You’ve heard a lot about how you, as a farmer, can use big data analytics to help make better business decisions in your operation. But what about you, as the consumer, the person who does the buying — whether it’s crop inputs for the field or cereal in the grocery store?
Farm Industry News spoke with author and business journalist Russ Banham, and asked him what this uber-information age will mean for the end consumer. There will be several benefits, he says. One is lower-priced goods.
“The more efficient a company is, the less money it spends,” Banham says. “So, on the one hand, one could presume that if a company’s costs of goods came down, maybe the price of the product would come down accordingly. On the other hand, the consumer isn’t going to be bombarded with advertising messages as they have been in the past. The advertising messages will be more targeted, because we will know more about what the consumer needs and wants. So there is just a bit more humanity in the process. And you will have access to goods at a discount.”
Banham cites an example where a consumer, named Mary is in the market for a sundress. A company knows that about Mary based on her search history, showing that she had purchased sunblock and her mouse had hovered over sundresses on the company’s website. She also had posted the words, “I can’t wait to get away” on her Facebook page. The company can then send a message to Mary advertising sundresses at a discount.
Discounts on car insurance are another example in which consumers can benefit from big data, Banham says. “With cars, if you are a good driver, it will be reflected in your driving patterns if you have sensors and cameras in your car and the car is hooked up to data analytics. In terms of the semi-autonomous features, if you have them on your car, presumably there will be fewer crashes, fewer insurance claims and lower premiums. So you have that going for you, too. So, there are lots of positive benefits.”
But, what about the issue of data privacy? Don’t big data analytics infringe on people’s right to privacy? Banham outlines some of those issues, too, and says there are strict rules in place to prevent that from happening. Data privacy laws include, for example, the Health Insurance Portability and Accountability Act (HIPAA), and the Payment Card Industry (PCI) with regard to credit card data.

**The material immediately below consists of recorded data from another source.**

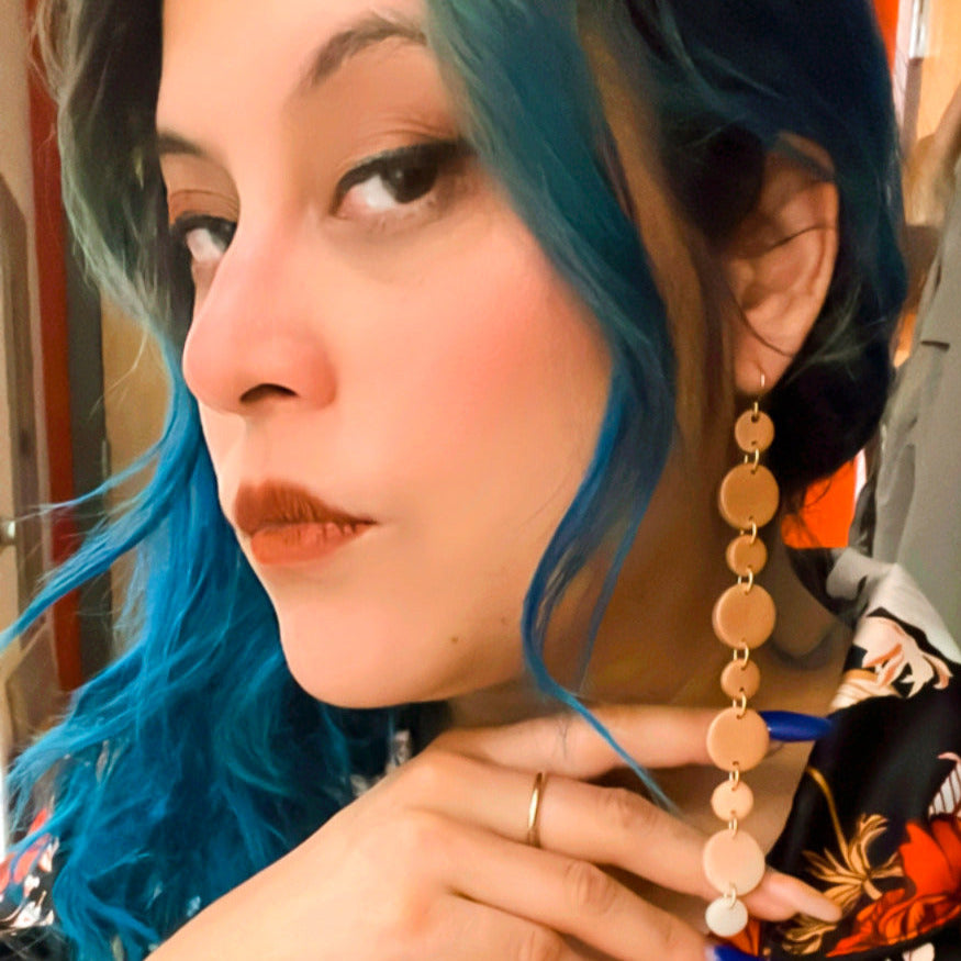 This Rose Champagne color earrings are great to elevate your outfit, they have the perfect cool and warm tones to add to your collection. This pair goes from rose color to translucent pearlescent color.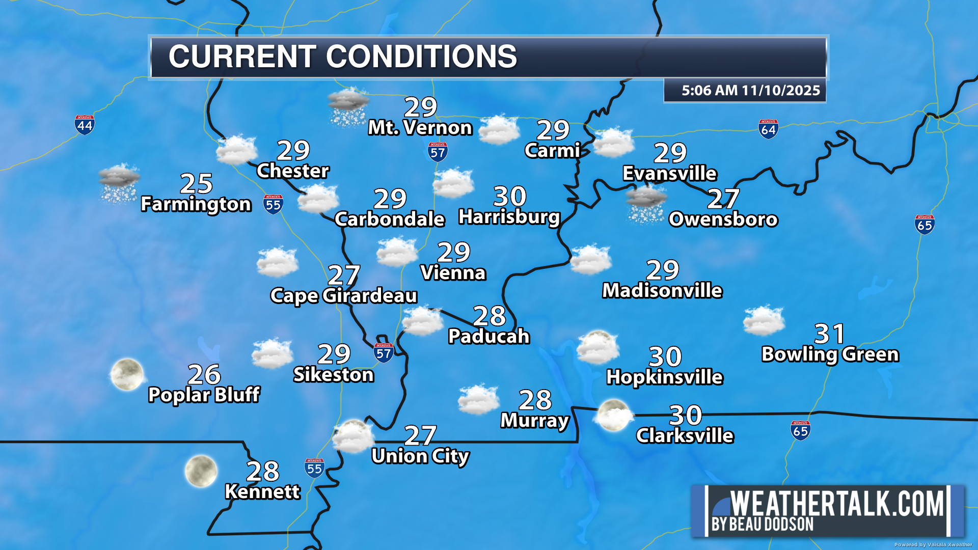 We are waking up to widespread 20s in the region.  Wind chill values have dipped into the teens.  We also have spotty flurries and snow showers over portions of southern Illinois and western Kentucky.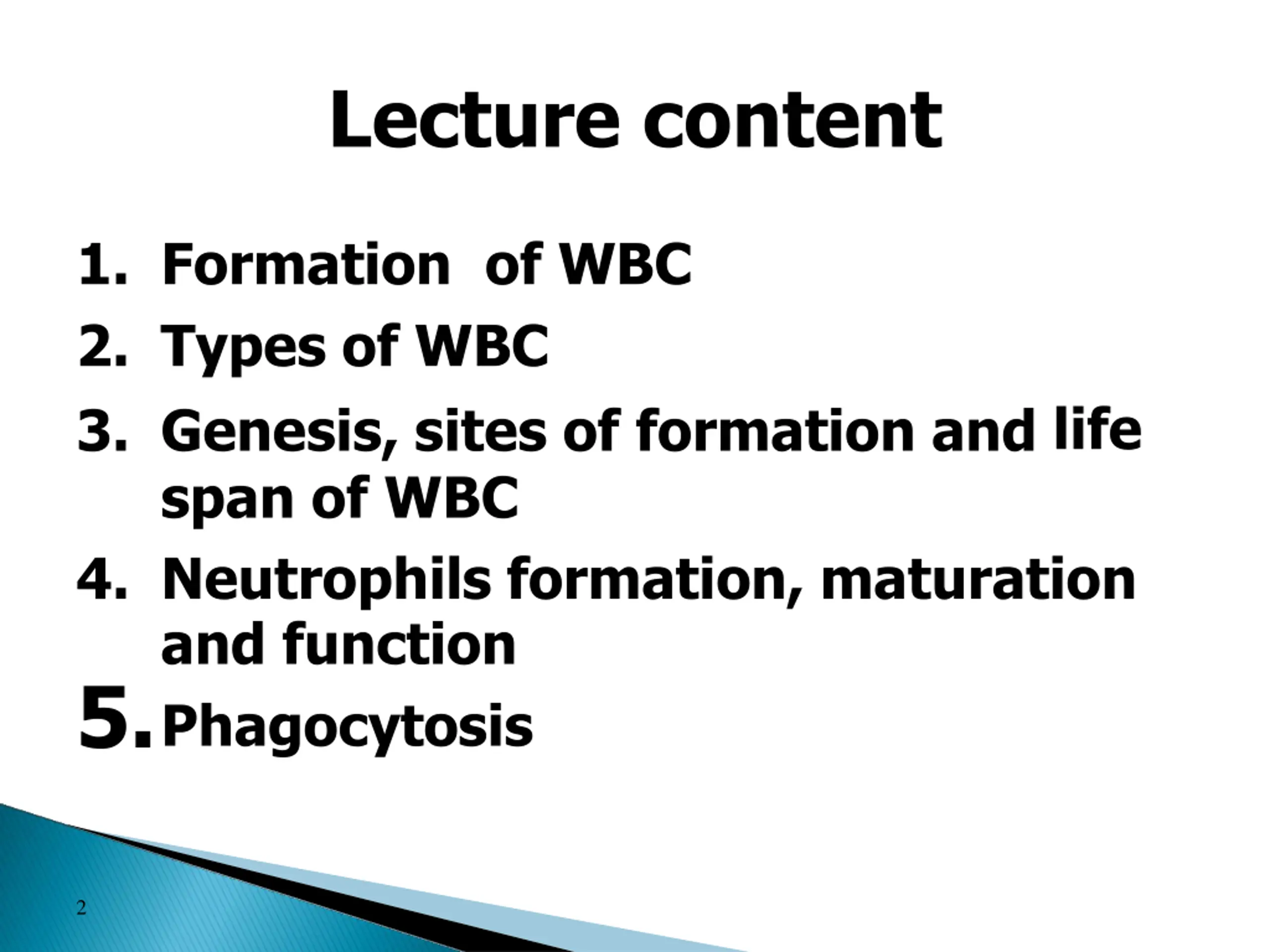 Lecture content 1. Formation of WBC 2. Types of WBC 3. Genesis, sites of formation and life span of WBC 4. Neutrophils formation, maturation and function 5.Phagocytosis 2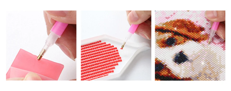Откройте защитную пленку твердого клея, нанесите клей с помощью ручки, затем Наклейте алмаз на холст.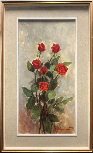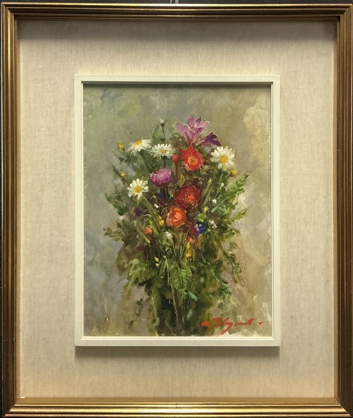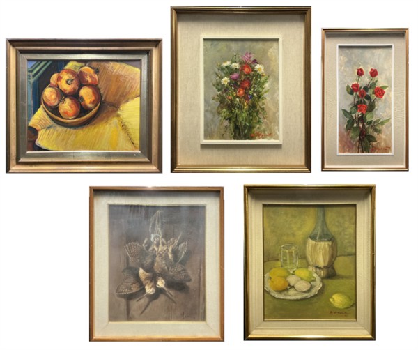 Lotto composto da quattro oli su tela e uno su cartone telato, raffiguranti fiori e nature morte, di autori e misure diverse (misura max cm 59x48) quattro opere firmate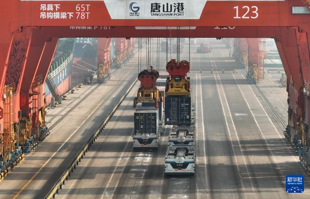 2月7日,在唐山港京唐港区集装箱码头,无人驾驶集装箱卡车在运送集装箱(无人机照片)。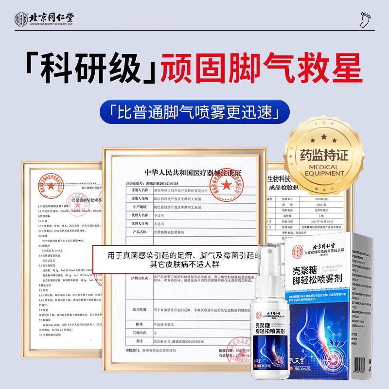 北京同仁堂脚气止痒脱皮杀菌真菌感染喷雾烂脚丫脚后跟干裂角化型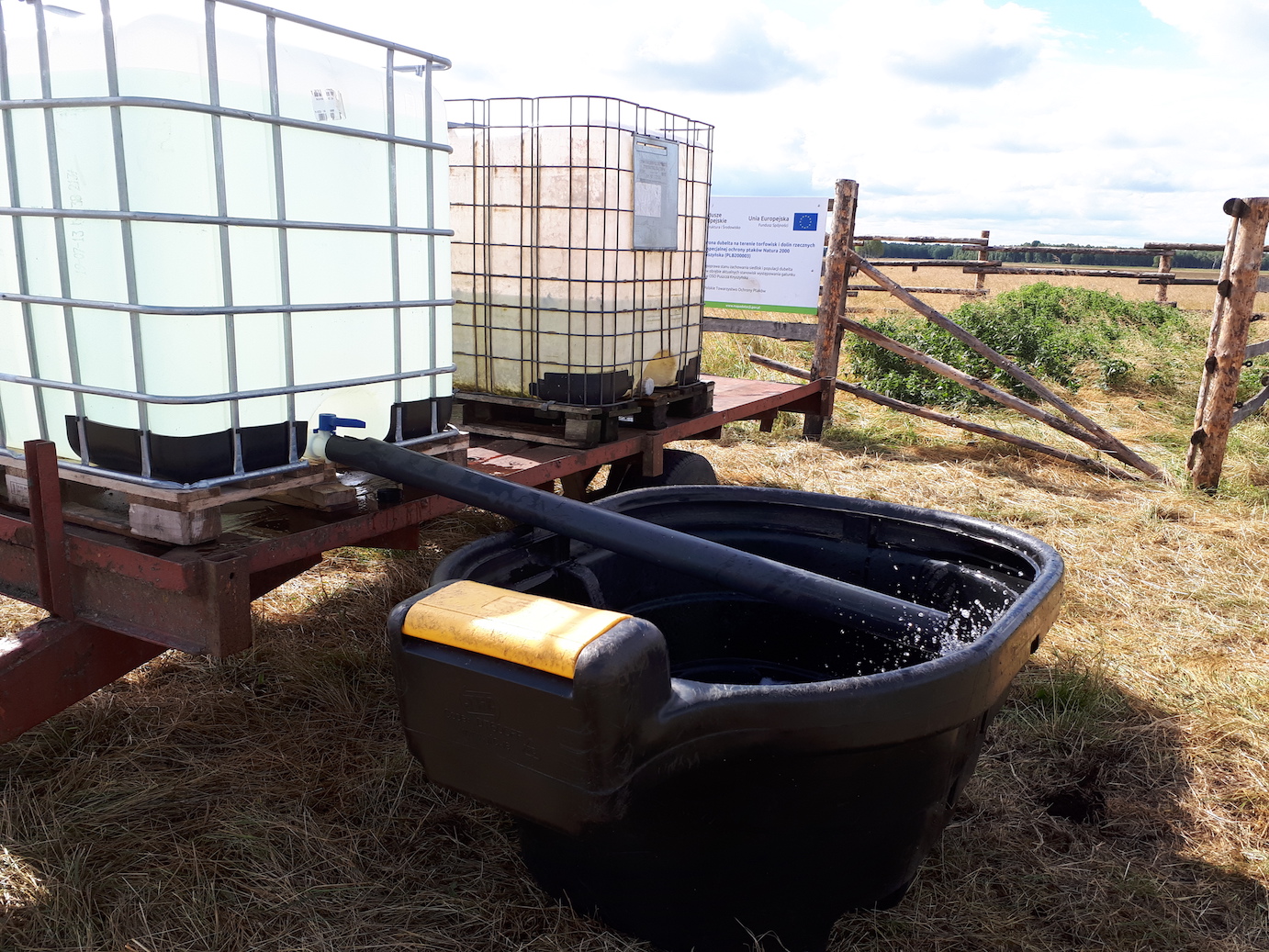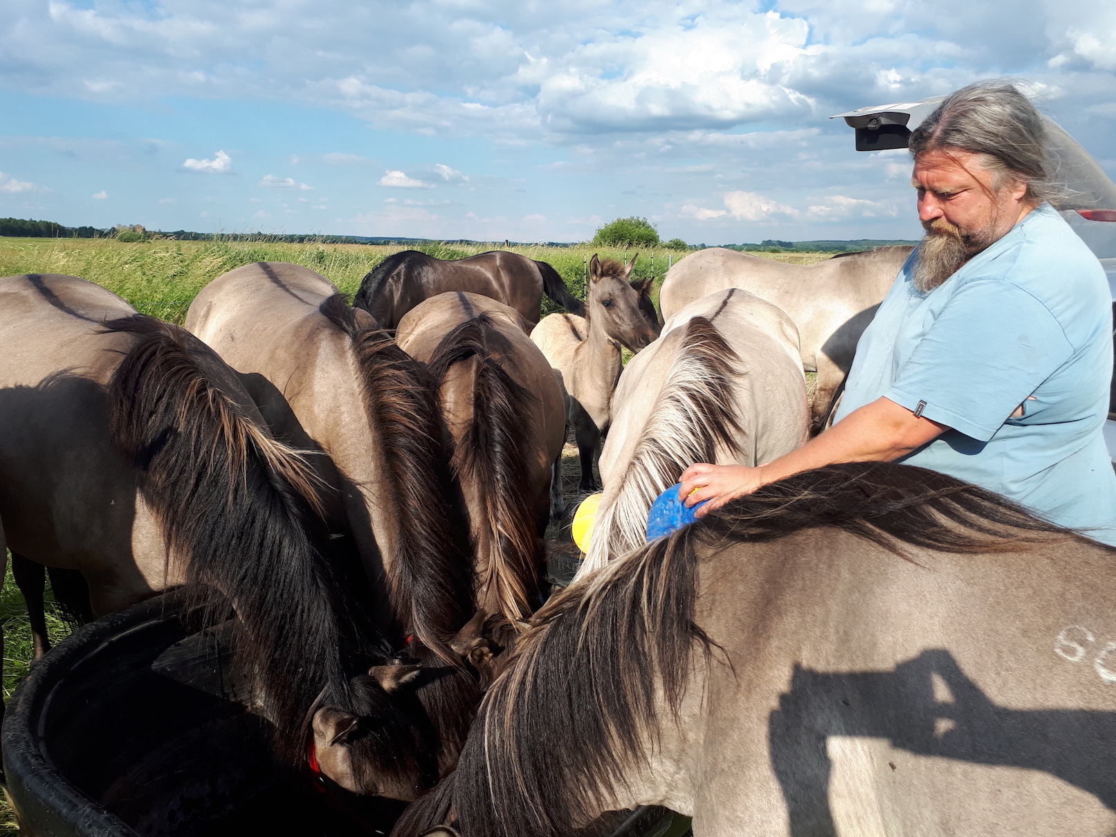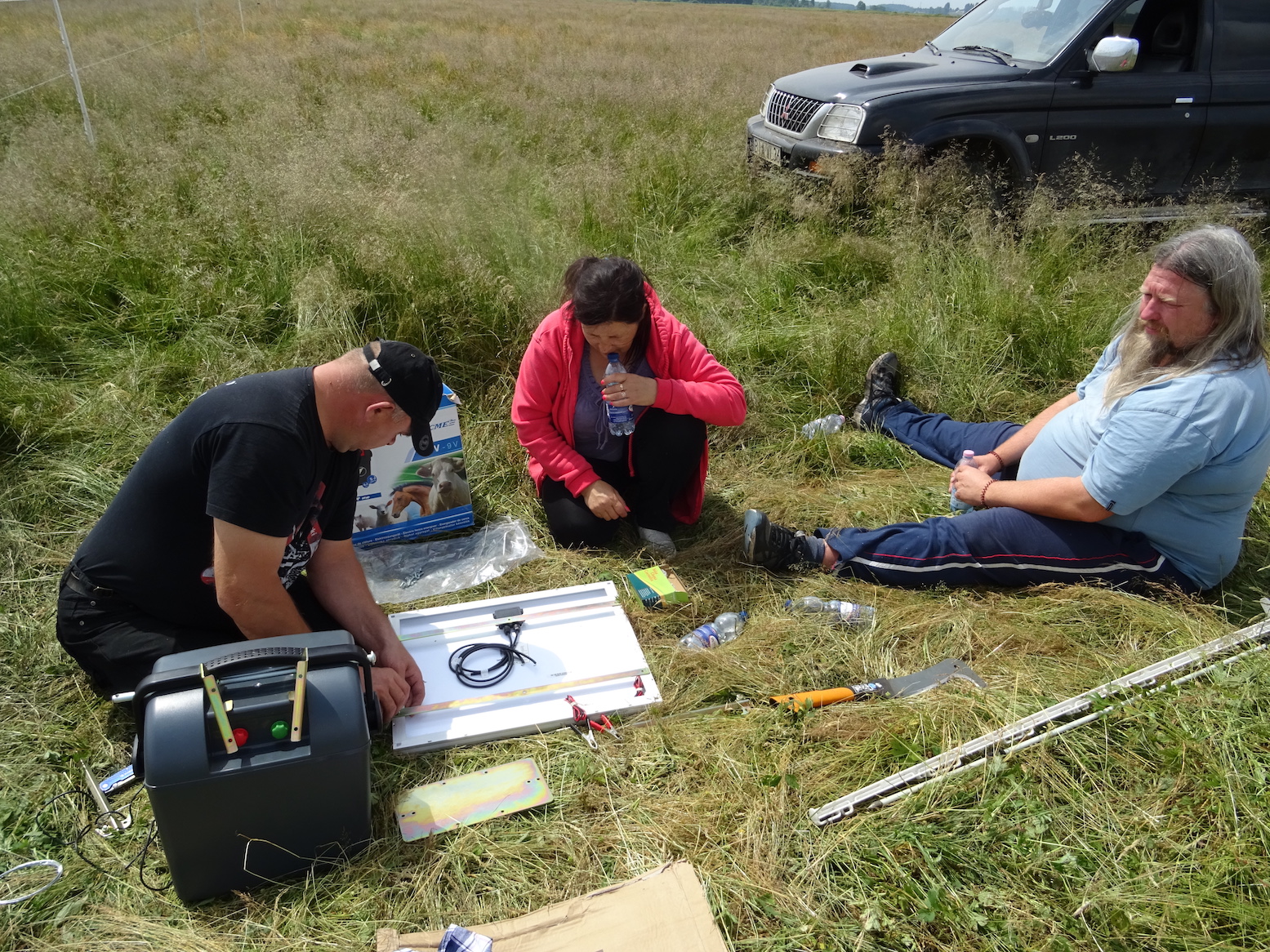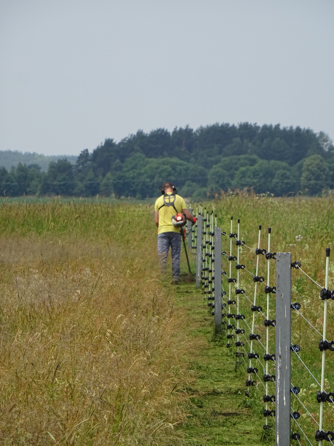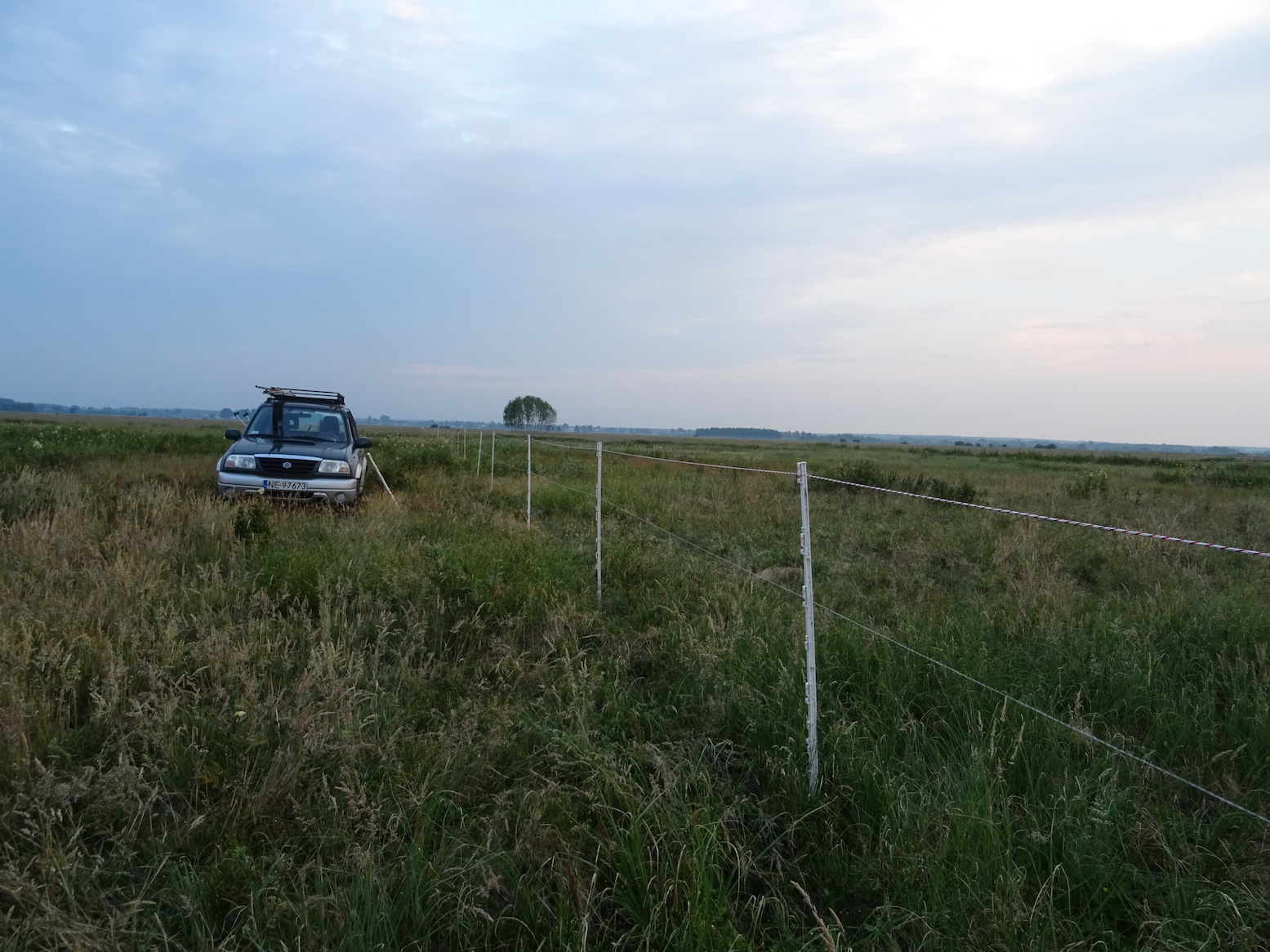 Na sam początek wzięliśmy się za przywiezienie poidła dla koników polskich oraz stawianie ogrodzenia, dzielącego powierzchnię działki na dwie kwatery. Naszym celem było zabezpieczenie stwierdzonych stanowisk gniazdowych ptaków siewkowych przed ewentualnym zdeptaniem przez koniki polskie, które następnego dnia zawitały na kwaterę. W ciągu 5 godzin postawiliśmy blisko 700 m. elektrycznego ogrodzenia. Kolejny dzień minął nam na podłączaniu nowego ogrodzenia pod prąd, przywożeniu ekipy wypasowej (tj. 7 klaczy wraz z 2 źrebakami i pilnującego całego stada ogiera) z Kalitnika, uzupełnianiu wody w poidle (a nie tak łatwo uzupełnić 500 litrowe poidło, gdy w pobliżu brak studni), podkaszaniu trawy wzdłuż ogrodzenia, a następnie, już w Kalitniku, na naprawie drewnianego ogrodzenia dla koni. W środę odpoczywaliśmy od pracy w terenie, w zamian skupiliśmy się na pracach porządkowych w Stacji Terenowej PTOP w Kalitniku. Następne dni to powrót do prac na Gródku, dalsze podkaszanie trawy wzdłuż płotu oraz uzupełnianie wody w poidle.

“There is always the risk of data breaches and the like, but companies by and large using these systems are following the privacy rules,” he says. “It is not like I am learning things about you that I am not allowed to learn. If you are Mary, I don’t know you are ‘Mary.’ I just know that this person is hovering on our website.”
“I know all of this can sound rather Big Brother-ish,” Banham adds. “But the horse has left the barn. There’s nothing you can do about it. And there will be benefits for us. It’s the stuff we don’t want people to know. For example, I don’t want people to know my medical history, my income, my credit card number. But that has more to do with cybersecurity. I do a lot of writing about that, too.”